Призрак Адора - Шервуд Том. Страница 68
– И тебе показалось, что знак, который проступил со дна колодца, ты уже видел?
– Да, видел! Потому и тревожусь. Очень хочется вспомнить.
Ожидание было мучительным. Когда же, когда можно будет подняться наверх, – и именно в полдень?

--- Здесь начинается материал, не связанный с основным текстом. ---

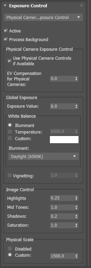 This control is a duplicate of the one found under Rendering menu > Environment > Environment and Effects dialog. For more information, see Physical Camera Exposure Control

Томиться пришлось недолго.
Мы вычерпали из колодца почти всю воду, и расторопные, снующие по гребню стены, как матросы по вантам, янычары взялись его наполнять. Со стены выдвинулся и навис над нами широкий коробчатый жёлоб. Едва слышно донёсся до нас стук дерева – должно быть, бочки с водой – и вдруг, слетая с края жёлоба, выгнувшись длинной, хрустальной струёй, хлынул поток. Хлынул – и упал точно в середину колодца. Облако тончайшей водяной пыли поднялось вверх, заполняя изморосью квадратное пространство двора, и вдруг весь он пронизался кусочками радуг. Волшебные цветные полоски переплетались, дрожали, висели в сумраке двора, спускаясь сверху причудливыми слоями. Небывалая, чарующая картина. Вся моя команда высыпала во двор и замерла. Грубые, приученные к тяжкому труду и не приученные видеть красоту матросы стояли, онемев, задрав кверху головы. Шелестел и искрился временный водопад. Шелестело частое наше дыхание. Сказка.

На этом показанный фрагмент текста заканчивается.